Back to school. I'm dreading this week for no real reason. I'm just ready for summer, I guess? I've been missing long, lazy days and late, happy nights being nerdy and wasting time. I mean, who doesn't miss those days, but I've been pining for it recently.
I think I'll feel better when spring break gets here. I'm spending the whole thing in SLC with mi madre, so, yeah. We might look at dogs that week! That always cheers me up.
She and I have been getting on worlds better recently. Reading through my old LJ has made me as grateful for the changes in my life as it has melancholy for the losses. She and I were so, so constantly at odds. I'm starting to forget what it's like to live with that kind of hatred and silence. Everything before Weber has faded to a sort of quasi-memory, the kind of fuzzy around the edges notion of horror you get from a half-remembered nightmare. I can't get over how good things are now.
But I guess it's good to remember. I can't walk around thinking the person I used to be is a stranger or never existed. My notion of myself before this place is as a fictional construct - I know on an academic level what happened, but it doesn't seem real. Not that it was all bad. To the contrary, really. I had a lot of joy then that I dearly miss now. I was so in love with so many people. I can't say that anymore.
Not that I love you any less, my darlings. <3
I'm breaking it off with Nate this week. It's not working out. I feel fine, but I'm a little.. I dunno. I guess I'm a little bit twisted up over the guilt. I know it's pussy and there's nothing wrong with ending a relationship before anyone gets hurt, it's nothing serious, but I hate doing this. I always come away feeling like the bad guy.
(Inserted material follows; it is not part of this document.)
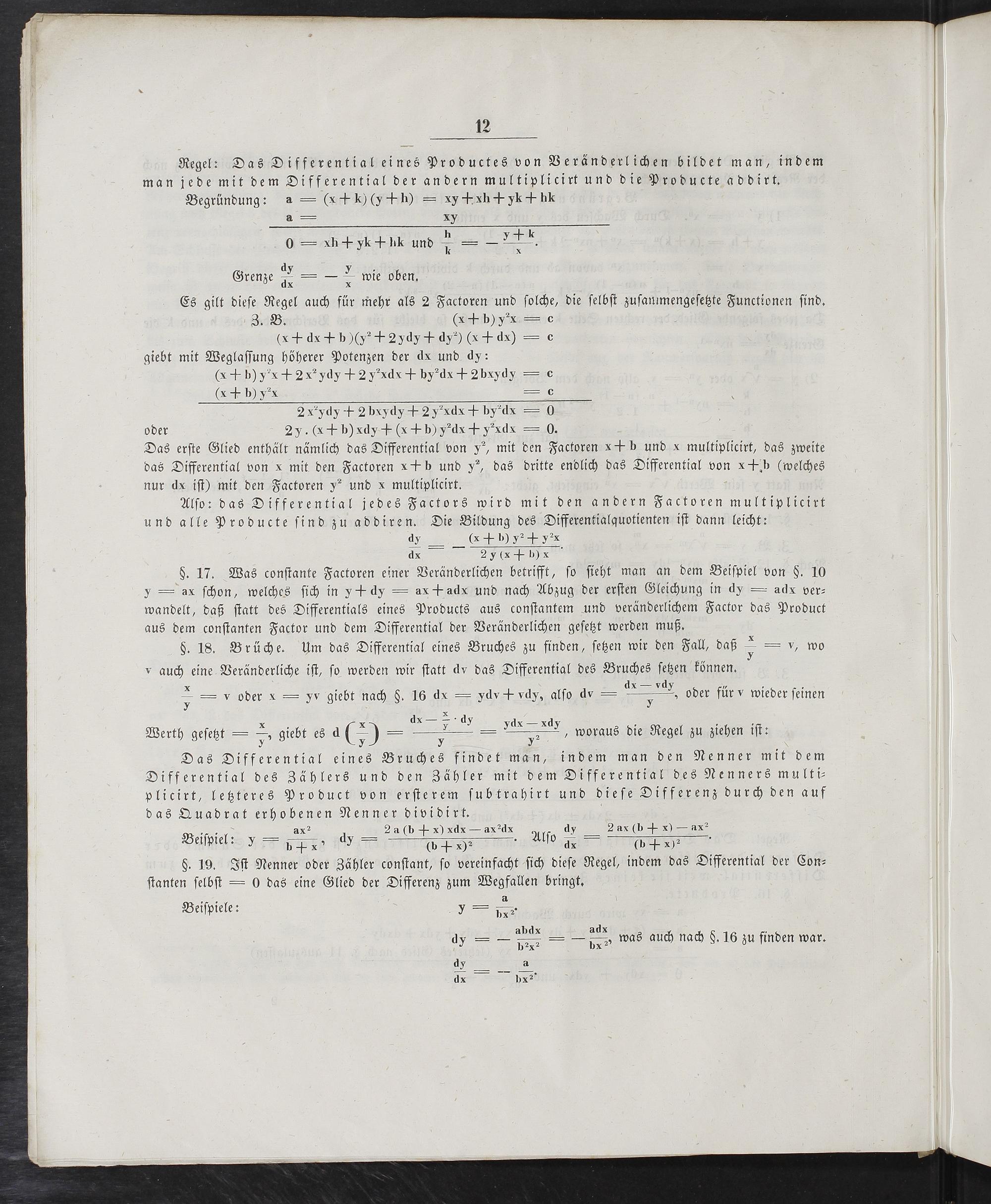 Das erſte Glied enthält nämlich das Differential von I, mit den Factoren b und x multiplicirt, das zweite das Differential von x mit den Factoren«ℳ b und y, das dritte endlich das Differential von X+ h(welches nur dx iſt) mit den Factoren y“ und x multiplicirt. Alſo: das Differential jedes Factors wird mit den andern Factoren multiplicirt und alle Producte ſind zu addiren. Die Bildung des Differentialquotienten iſt dann leicht: SFßä= e dx 2 y(X+ b) X §. 17. Was conſtante Factoren einer Veränderlichen betrifft, ſo ſieht man an dem Beiſpiel von§. 10 y= ax ſchon, welches ſich in y+ dy= ax+ adx und nach Abzug der erſten Gleichung in dy ä= adx ver⸗ wandelt, daß ſtatt des Differentials eines Products aus conſtantem und veränderlichem Factor das Product aus dem conſtanten Factor und dem Differential der Veränderlichen geſetzt werden muß. §. 18. Brüche. Um das Differential eines Bruches zu finden, ſetzen wir den Fall, daß 3= v, wo

I feel a tiny, tiny bit more like who I used to be today. Not in a bad class-failing way or anything, just. You know. Sensitive. A little more open. I used to be so -open-. What happened? I've kept so much memorabilia from those days packed away in boxes and closets, and now I'm glad I didn't throw any of it away. It tethers me a little, I think, and reminds me of what was good about myself and the people I loved. I don't think a person can really feel whole without coming to terms with who they once were, you know?